**Aim of the exercise:** Would you transcribe the records below from the line with "- Pooleingang mit" to the line with "Vrbnik, otok Krk", ends included, exactly and with nothing more, leaving the pictures out?

**Excerpted data:**

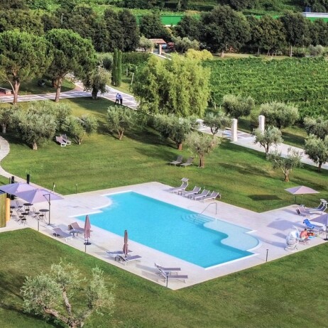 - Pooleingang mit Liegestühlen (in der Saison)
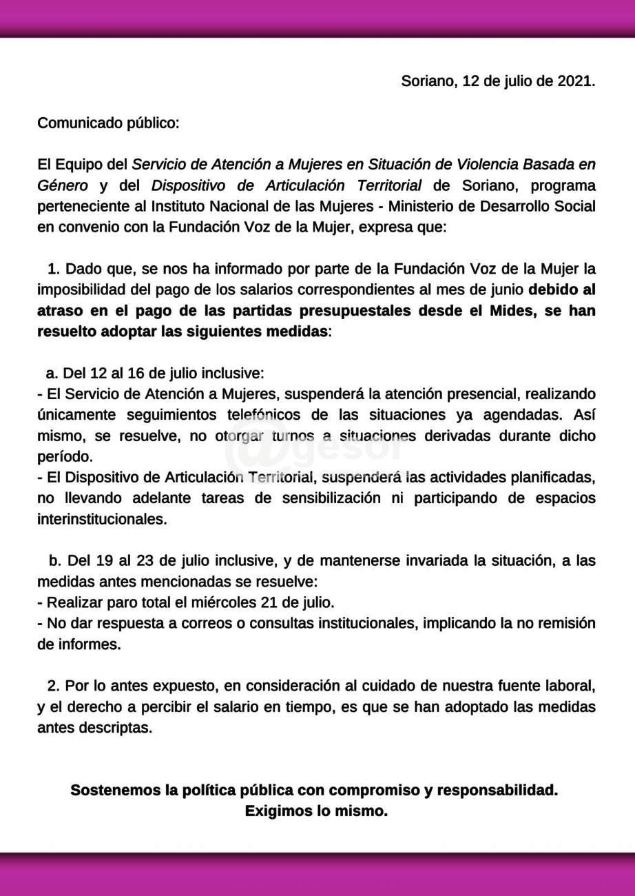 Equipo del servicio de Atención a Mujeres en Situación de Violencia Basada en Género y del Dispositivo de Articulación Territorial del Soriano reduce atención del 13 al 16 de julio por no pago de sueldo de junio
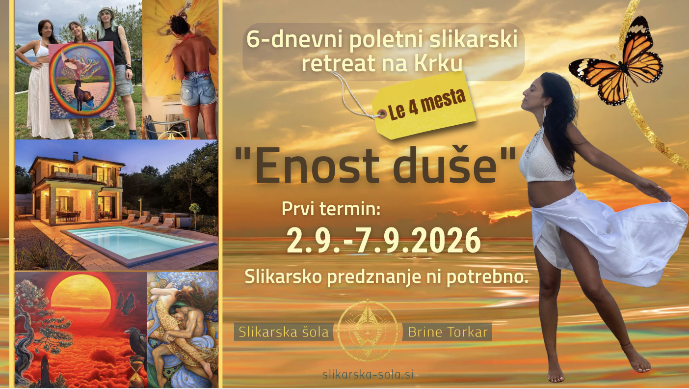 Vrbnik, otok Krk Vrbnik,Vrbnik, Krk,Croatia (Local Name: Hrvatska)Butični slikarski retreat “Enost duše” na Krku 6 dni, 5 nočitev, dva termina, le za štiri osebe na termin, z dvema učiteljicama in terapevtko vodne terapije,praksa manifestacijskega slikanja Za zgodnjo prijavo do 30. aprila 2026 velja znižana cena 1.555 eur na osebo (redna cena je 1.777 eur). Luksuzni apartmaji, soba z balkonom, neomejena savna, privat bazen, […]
--
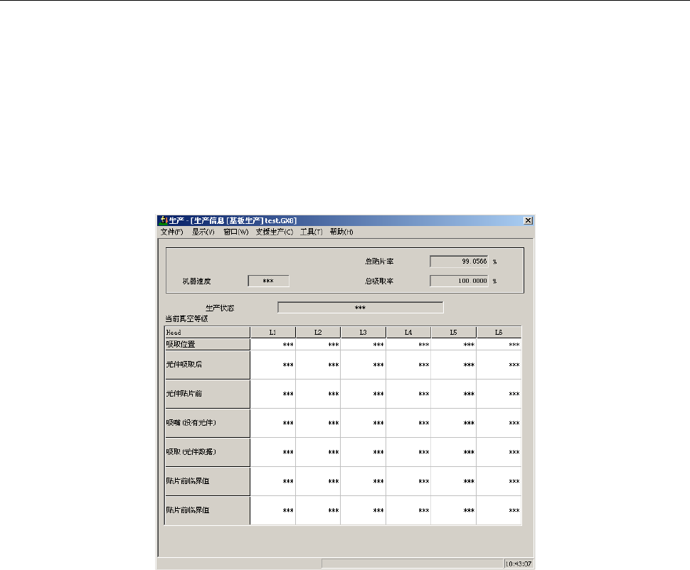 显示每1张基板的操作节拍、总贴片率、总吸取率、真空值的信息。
--
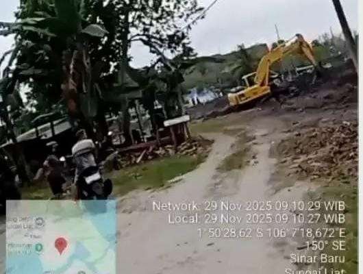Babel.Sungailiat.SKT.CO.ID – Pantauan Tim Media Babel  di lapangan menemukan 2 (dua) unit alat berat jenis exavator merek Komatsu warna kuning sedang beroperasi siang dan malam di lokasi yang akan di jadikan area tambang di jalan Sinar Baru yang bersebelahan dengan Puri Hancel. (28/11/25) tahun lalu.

**Result of the task:**
 - Pooleingang mit Liegestühlen (in der Saison)
 Equipo del servicio de Atención a Mujeres en Situación de Violencia Basada en Género y del Dispositivo de Articulación Territorial del Soriano reduce atención del 13 al 16 de julio por no pago de sueldo de junio
 Vrbnik, otok Krk Vrbnik,Vrbnik, Krk,Croatia (Local Name: Hrvatska)Butični slikarski retreat “Enost duše” na Krku 6 dni, 5 nočitev, dva termina, le za štiri osebe na termin, z dvema učiteljicama in terapevtko vodne terapije,praksa manifestacijskega slikanja Za zgodnjo prijavo do 30. aprila 2026 velja znižana cena 1.555 eur na osebo (redna cena je 1.777 eur). Luksuzni apartmaji, soba z balkonom, neomejena savna, privat bazen, […]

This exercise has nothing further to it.